The Prodigal Cynics

A recent Christian Post article featured a new author and her forthcoming book, When We Were on Fire: A Memoir of Consuming Faith, Tangled Love and Starting Over, by Addie Zierman.

The author is 30 years old, a mother of two, and a self-described former church “cynic”. She was raised in an evangelical church, participated strongly throughout her childhood, and it appears that in college she ran into some problems personally, and with the church. The article didn’t give much more information, other than to say after a long journey, she came back “home” (began going to church again), so I went to her blog.

Mrs. Zierman and I have a lot in common. We come from the same generation, are in fact the same age, have children, and have struggled with church. She writes much about the lack of true community and transparency in many churches, an issue close to my own heart. Still, I have some serious concerns about this Christian author.

For starters, I wish she wouldn’t use the term “we” when describing her faith journey. She and I don’t have everything in common, after all, and I am perfectly able to speak for myself. One of her underlying assumptions (that maybe she doesn’t even realize) seems to be that only true Christians go to church. This is a manipulative and frustrating assumption that I have dealt with elsewhere in Back to Church?

“Southern comfort” by Loura Lawrence, Developing Focus Photography

Me, Myself, and I

Another insinuation that pops up again and again in her writing, is that while faith journeys are messy (because learning is messy) and this is a good thing, at some point you must be honest and recognize that you are hard, sharp, selfish, and angry (I could add “rebellious”) and need to be healed (1). In other words, if you don’t like going to church it is because there is something wrong with you. In one post, she describes our “Generation Me” as “narcissistic and entitled and easily bored” (2). Those are human traits, not generational ones. I also don’t like the phrase, “we’ll find our way home” (3). Perhaps she sees herself as a prodigal, but I do not feel likewise.

I have not “fallen away”, despite my lack of church attendance. Those who know me call me a “Bible thumper”. I know what I am looking for in a church, and it isn’t someone to fight for me, neither is it a new spin on the Bible, or new programs, opportunities, self-help, sound and light shows, or phenomenal leadership. I’m not looking to be impressed, or for someone to assuage my boredom. I’m just looking for real friendship among those who embrace Scripture.

Mrs. Zierman writes that she wanted “healing” to be able to “feel” and hear God again. My spouse has regaled me with many a story about the charismatic churches he was raised in, which espoused the belief that if you “can’t feel God”, there “must” be something wrong with you, like sin. I suspect that Mrs. Zierman doesn’t even see that this is not a Biblical concept, it is so ingrained in those who attend charismatic churches. Rather than trying to “feel His presence”, all you have to do to hear Him and understand Him, is open up a Bible and read.

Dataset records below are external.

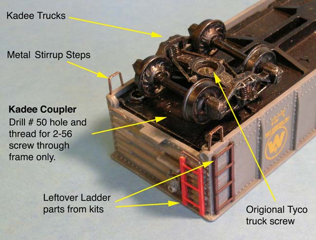 First is to remove the plastic grab irons and end ladders from the cars plastic body with an Xacto knife. The stirrup steps were also cut off to be flush with the underbody and new holes drilled for metal ones.
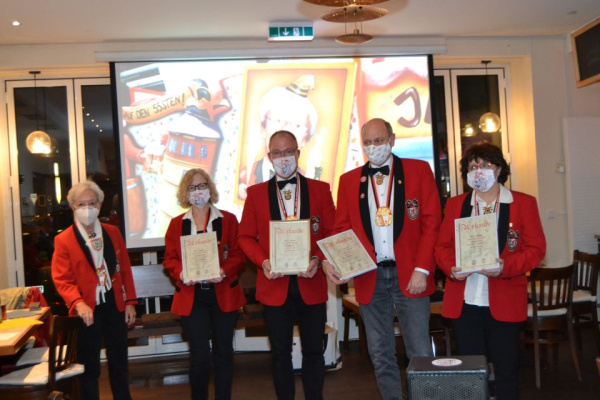 Am 30.10.2020 haben wir unsere Ordensverleihung unter den besonderen Bedingungen des Infektionsschutzes durchgeführt. Schon lange im Vorfeld haben wir uns eine Lokation ausgesucht, die alle Voraussetzungen für eine hygienische Ordensverleihung erfüllt. Die Regel AHA – Abstand, Hygiene, Alltagsmaske – konnte aufgrund der Größe des Raumes von allen Beteiligten eingehalten und es war trotzdem war es ein sehr stimmungsvoller Abend. Alle waren sich einig, auch mit Abstand kann man einen Ordensabend, der ja ohnehin keine Party ist, sehr stimmungsvoll und sicher verbringen. Der Orden wurde nicht umgehängt, sondern auf einem Kissen präsentiert und jedes Mitglied konnte ihn sich nehmen und ausnahmsweise selbst umhängen. Das obligatorische Bützchen gab es dann mit Abstand als „Luft-Kuss“.
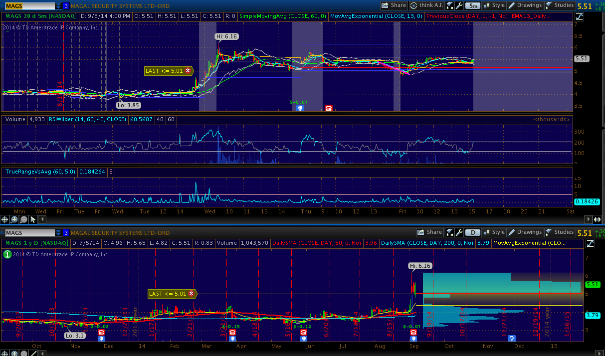 MAGS - Volume is fading off. Waiting for it to look weak and have a breakdown of support at 5. But still, be careful because this could still squeeze up.
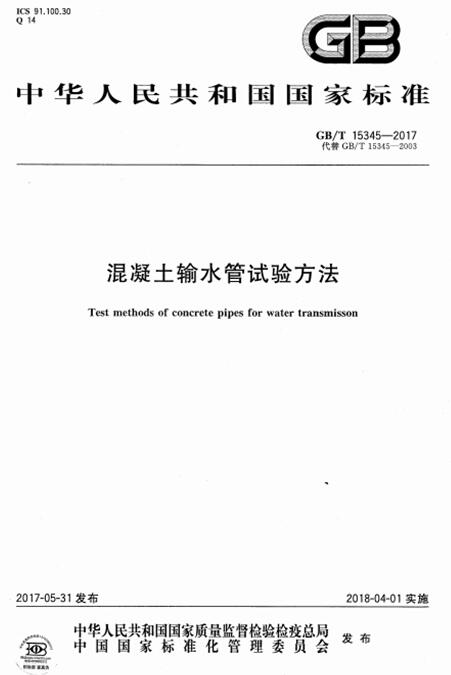 本標(biāo)準(zhǔn)規(guī)定了混凝土輸水管外觀質(zhì)量、幾何尺寸、水壓、外壓荷載、混凝土強(qiáng)度、保護(hù)層砂漿抗壓強(qiáng)度、保護(hù)層砂漿吸水率、管子接頭相對轉(zhuǎn)角等項目的試驗(yàn)方法。
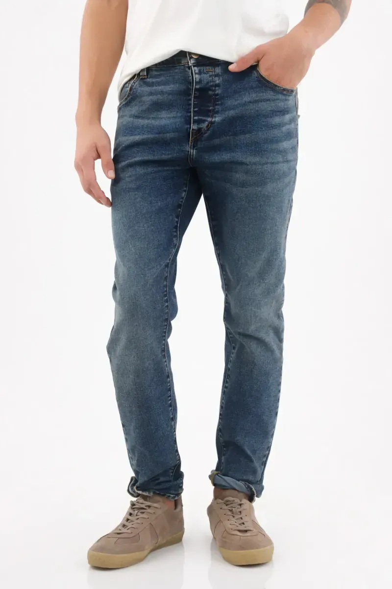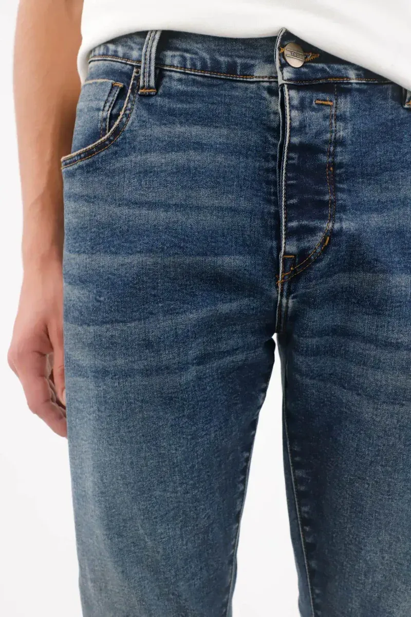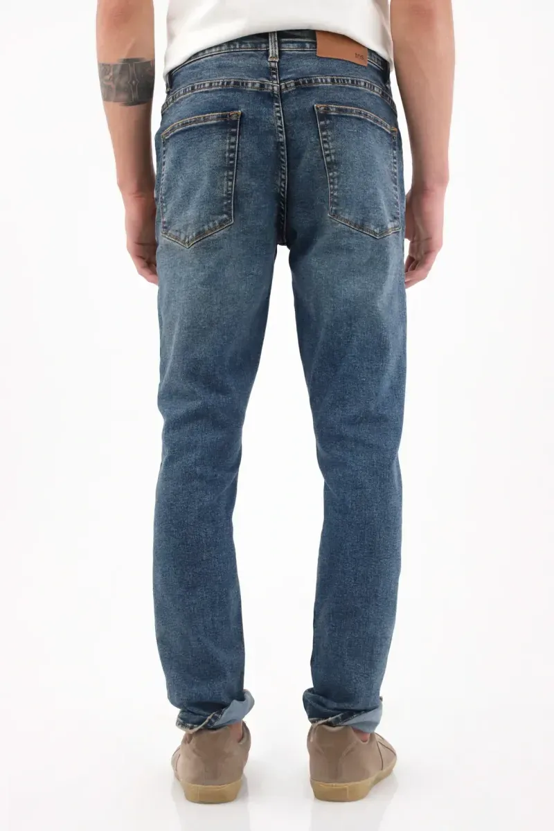 Este jean para hombre de TNS apuesta por un azul índigo con desvanecidos y bigotes suaves que suman profundidad urbana. La tela combina 68% algodón, 30% poliéster y 2% elastano: estructura con una flexibilidad sutil para moverte cómodo todo el día. El corte ajustado define la pierna y termina en botapié estrecho para una línea limpia. Las costuras en tono caramelo remarcan el contorno y la pretina con pasadores mantiene el look clásico y ordenado.
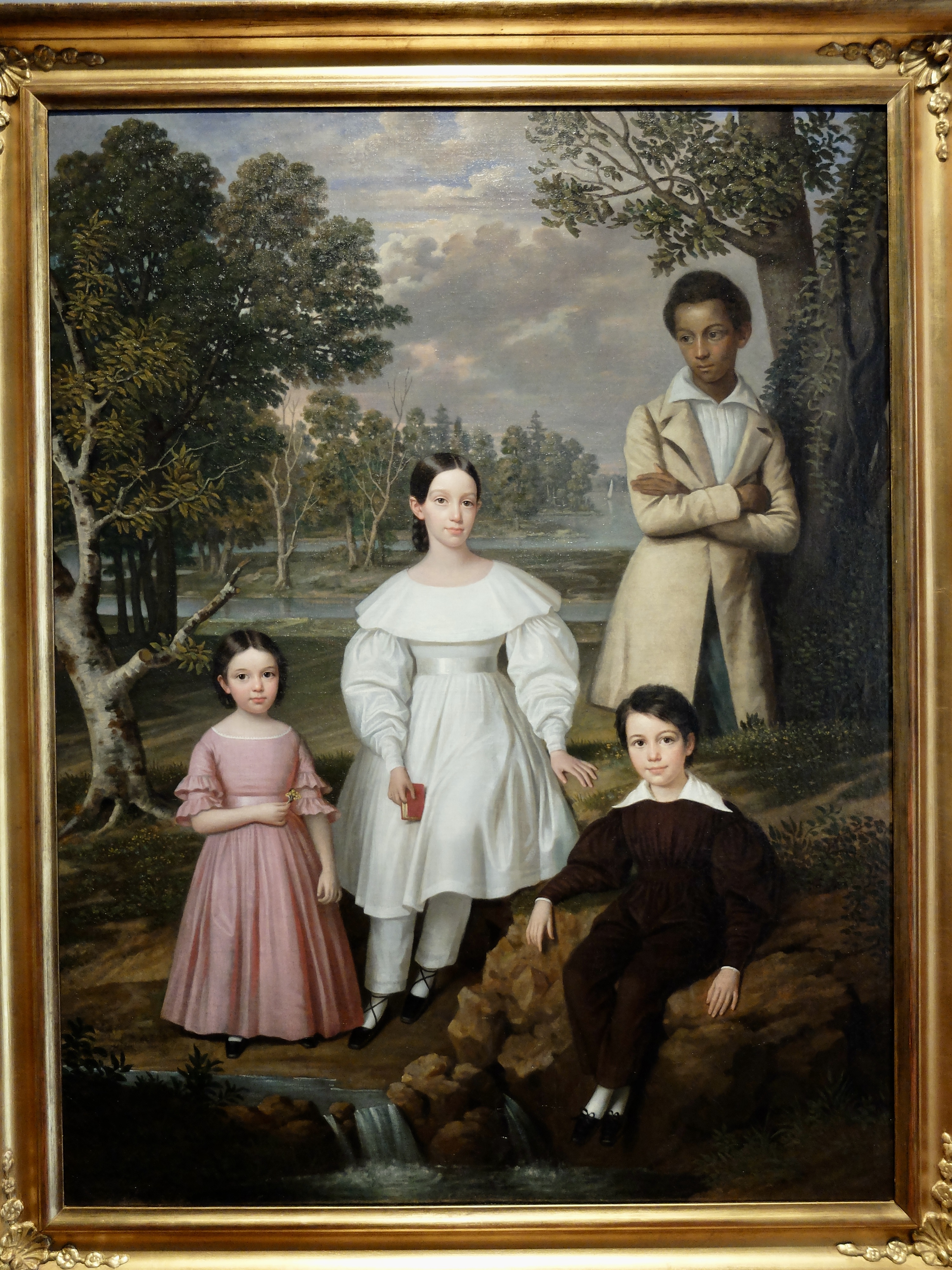 Titled Bélizaire and the Frey Children and attributed to Jacques Guillaume Lucien Amans, it was commissioned in 1837 by Frederick Frey (a wealthy German merchant and banker) and his wife Coralie D’Aunoy Favre (from an elite family rooted in New Orleans since the Colonial era). It depicts their three children, as well as Bélizaire – the 15-year-old enslaved domestic owned by Frederick.
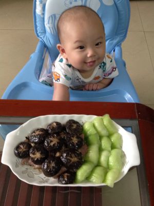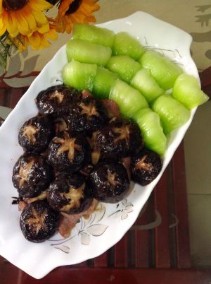 青菜和香菇摆好造型,炒香菇的汤汁淋在青菜上,完成!
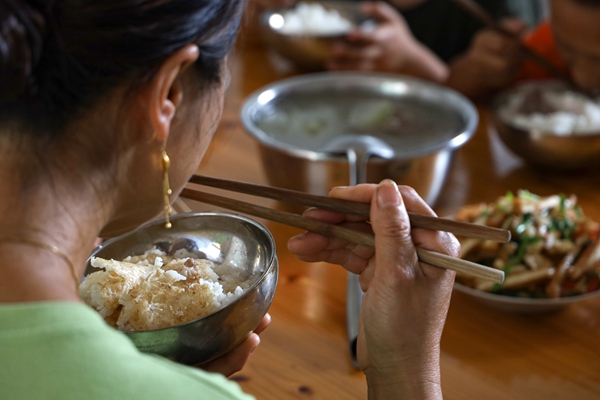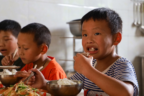 11點30分是午餐時間。下課后,學生們陸續走進食堂,從桌子底下拉出小凳子乖乖坐好。朱木群舀出鍋里最上面的白米飯,添上炒菜一份一份的分發給孩子們。又自然地將鍋底的硬鍋巴舀到自己的碗里,澆上素湯,待鍋巴飯泡軟后,與孩子們一起有說有笑的吃著。

She has a definite mystic bent in her words, saying she heard “the heart of God” at the same time she heard her son’s heartbeat in the womb (1). In another post she writes,

“The ground spreads wide and uneven beneath me, and all of it is holy. The dew drop is suspended at the edge of the railing. Wonder is the choice to look closer and closer. To stay until the dew becomes a universe, and your heart lurches when you recognize the holy center: the wild love of God.” (2)

That’s poetic, but not Biblical. I really want to like this book, but ultimately all I see is another Ann Voscamp piece, full of adjectives and relatable anecdotes and not much else. “Suds glisten”, writes Voscamp.